Over the years, clients of mine who have been covered by Jefferies research have tended to be invited to “Jefferies London” as a matter of course (in addition to the Jefferies’ Global Healthcare Conference held in New York each June).

European Non-Deal Road Shows

If you are not banked by Jefferies, another option for fulfilling your European market requirements could be a non-deal road show (NDR) but be warned that this is time inefficient as it involves making consecutive day trips to Geneva, Amsterdam, Zurich, London etc., since travel requires going to their offices rather than meeting them at a conference hotel.

In my experience the best banks for organizing European NDRs have typically been TD Cowen and UBS – though the latter seems to be more focused on its private wealth/bank network than on institutional meetings.

Also worth consideration would be a virtual non-deal roadshow via Zoom or Teams, perhaps organized by one of the two banks I mentioned, which could be spread out over a number of U.S. mornings given the time difference and be a much more efficient use of management’s time.

Sometimes, a CEO or CFO will ask, “Should we tag on a European non-deal road show to our attendance at Jefferies London?”

My answer is typically, “No.”

In my opinion, U.S. biotechs should avoid cannibalizing their 1:1s at Jefferies London (which is far more convenient for their company) by offering 1:1s in the European institutional investor’s home country and city.

Also, if you’re attending Jefferies London, remember that you don’t need to stay for the whole conference.

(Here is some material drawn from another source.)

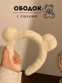 Милый красивый ободок с ушками мишки плюшевый для умывания
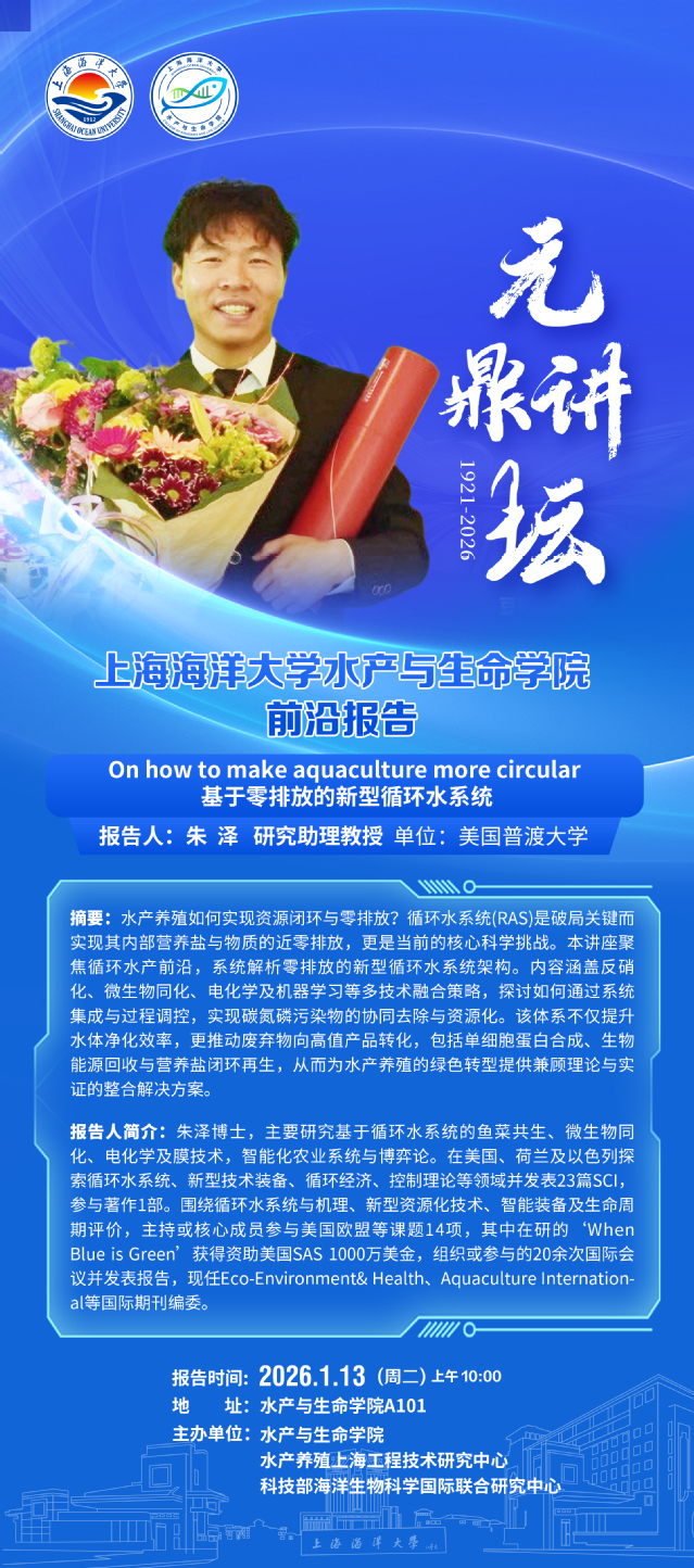学术讲座通知——朱泽:基于零排放的新型循环水系统(水产养殖上海工程技术研究中心、科技部海洋生物科学国际联合研究中心学术报告)

Think about restricting your 1:1 availability to the day you present (or your arrival day and the day you present) to make the most efficient use of your time.

Lastly, in answer to the second question posed in the title, U.S. biotechs without a funding history that includes material participation from Asia should spend even less time marketing there than in Europe. Again, the biggest Asian accounts have stateside arms to invest in the U.S. biotechnology market and as such are treated like locals.